France Extends State of Emergency

Lisa Bryant

The French government has approved a bill extending the country's state of emergency for three more months, despite signs riots that have swept the country are now subsiding.

Ministers from France's center-right government meeting Monday morning decided to extend the state of emergency for 90 more days, starting November 21 - when the temporary state of emergency announced last week is set to expire. The decree would allow French regions and towns to declare curfews to help end more than two weeks of rioting that has roiled the country since October 27. It must still be approved by the country's majority center-right parliament.

The riots were sparked by the accidental deaths by electrocution of two ethnic immigrant youths who were apparently hiding from police. It has sparked soul searching about the country's effectiveness in integrating millions of second-and third-generation immigrants, particularly those from North and West Africa.

The violence has abated since the state of emergency was declared last week.

French police announced that only 284 vehicles had been torched overnight Sunday, compared to 374 the night before - and a peak of more than 1,000 vehicles burned in a single night just a week ago.

The 50-year-old law, first enacted during Algeria's war of independence from France, has sparked protests on the part of human rights groups and other critics.

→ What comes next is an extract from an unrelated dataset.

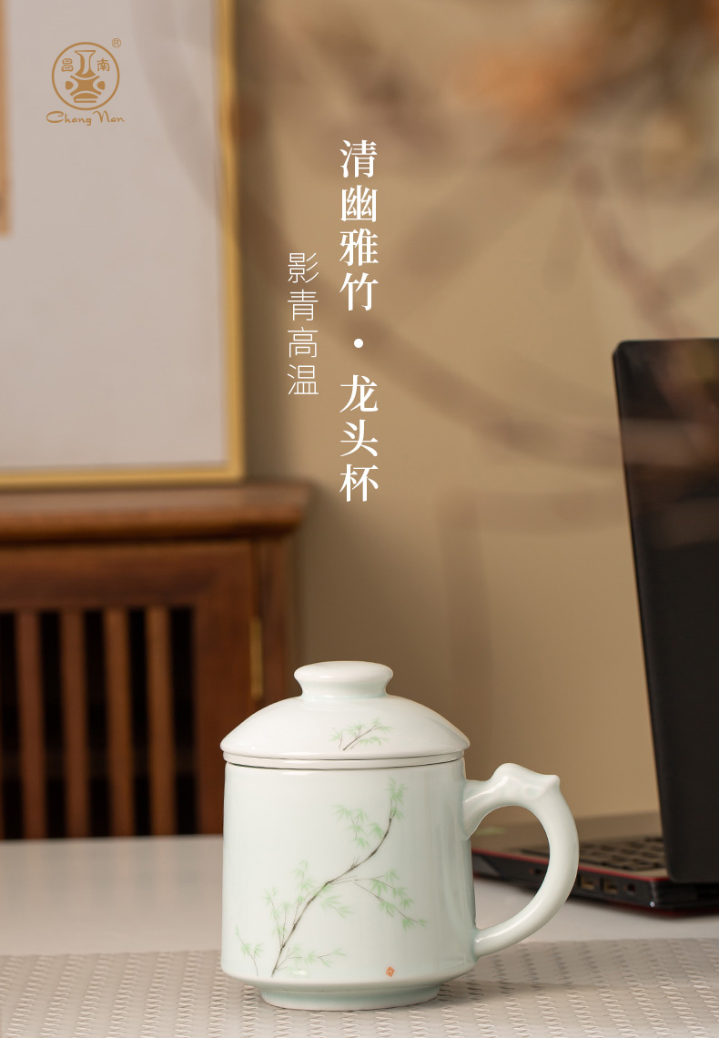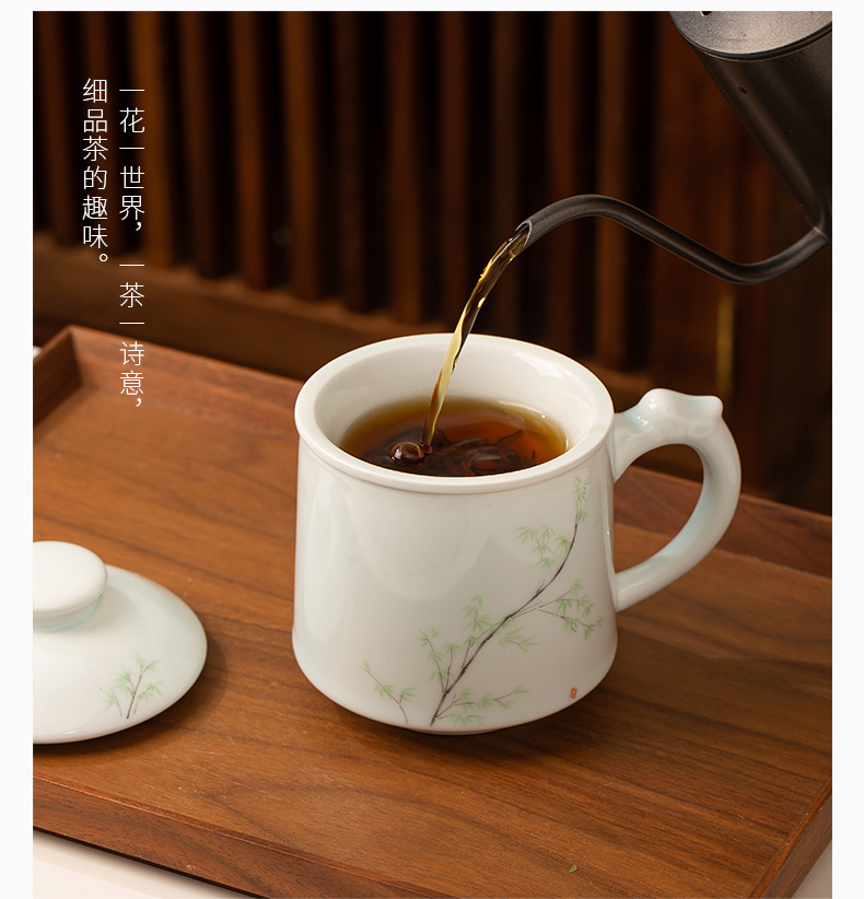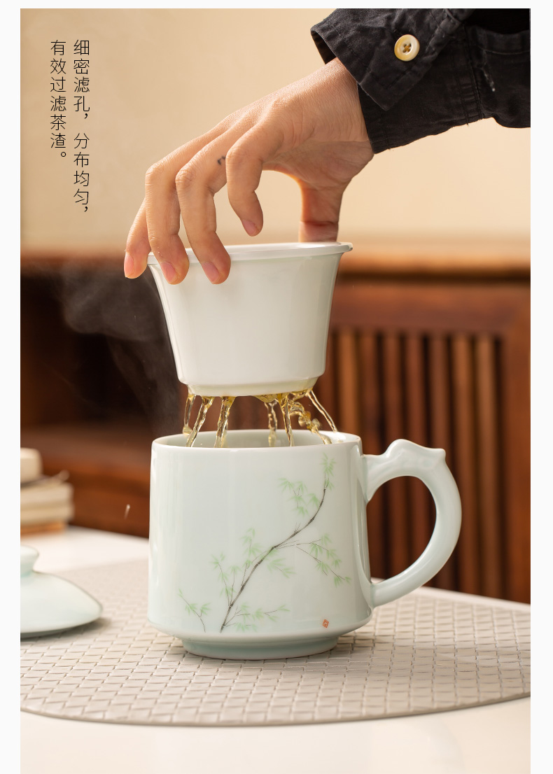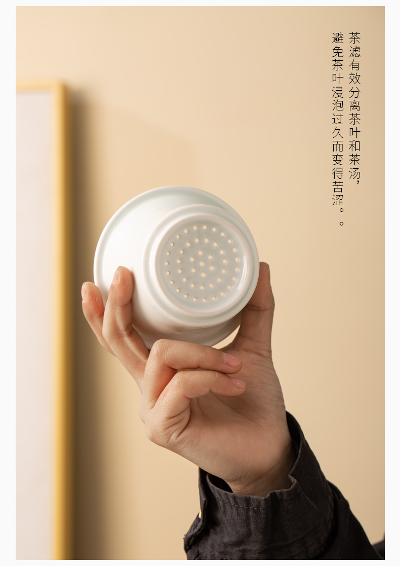 昌南景德鎮陶瓷茶水分離帶蓋過濾茶具辦公室茶杯套裝高溫老板杯會議室

But some analysts, like Steven Ekovich, a French politics professor at the American University of Paris, say the government has little choice but to mix tough measures to stop the violence with long-term effort to find solutions for its causes.

"There are several levels to the current crisis, one of them immediate - something has to be done. And nearly all the french agree - something has to be done to stop the violence, to stop the rampaging. To stop a race riot - because this is a race riot," he said.

At the same time, Mr. Ekovich says, there is consensus that the government must address long-term issues like unemployment, alienation, the difficulty of integrating second-and third-immigrant youths that has helped fuel the recent wave of unrest.

French President Jacques Chirac is due to appear on television Monday night to talk about the violence, in his first formal address to the nation since the riots began late last month.